11 June 2021

“Nothing great is easy”

Many of us took on hobbies, projects and challenges during the lockdowns but for one member of the JM Finn team, a personal challenge wasn’t quite enough; managing something only eight people before him have achieved seemed a reasonable goal.

Many of our readers will recognise the name John Royden as a regular contributor to these pages and as head of research for the firm.  Never one to stand still, John has reignited a passion for swimming and is taking on the challenge of swimming the length of Lake Geneva.

Overseen by the Lake Geneva Swimming Association, John estimates he will swim the c.70 km non-stop in around 36 hours.

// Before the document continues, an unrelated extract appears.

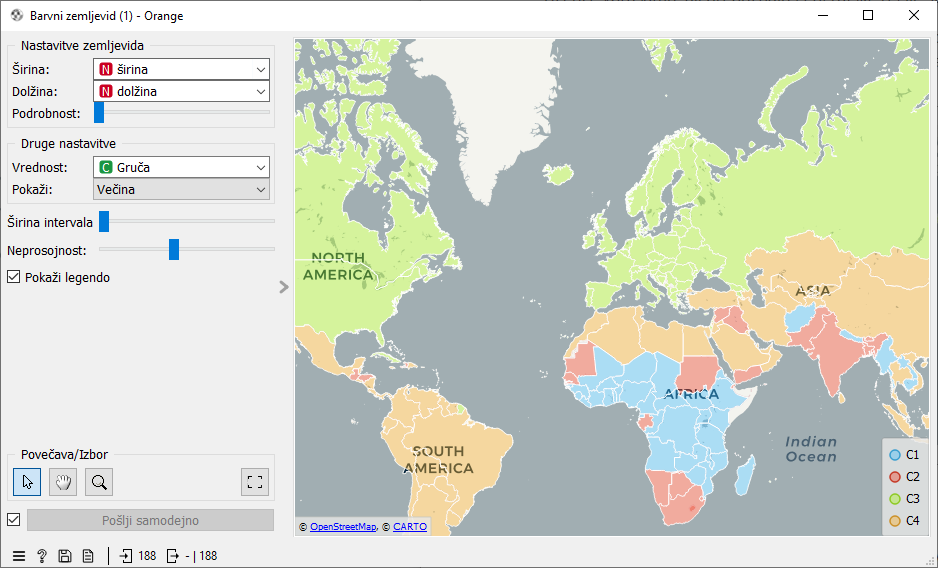 Hierarhično gručenje povežemo z Barvnim zemljevidom. Za “Vrednost” izberemo “Gruča”, “Prikaži” pa naj bo “Večina”. Tako bo vsaka država obarvana glede na gručo, ki ji pripada.

Swimming that distance would be a Herculean task by any measure, but unassisted and non-stop explains why only eight people have completed this; more people have walked on the moon, as John is keen to remind us.

John’s first foray into swimming was in 1993, when he swam the English Channel in just under 14 hours, raising just short of £100k for charity.  Driven by the desire to push the envelope of human endurance and raising more money for charity, he committed to attempting Lake Geneva in 2020.  This was scuppered by the lockdowns, but spurred on by the tales of daring do from Captain Matthew Webb, the first person to swim the Channel, in 1875 (in just under 22 hours swimming breaststroke), John resolved to continue his training and defer it to this year. 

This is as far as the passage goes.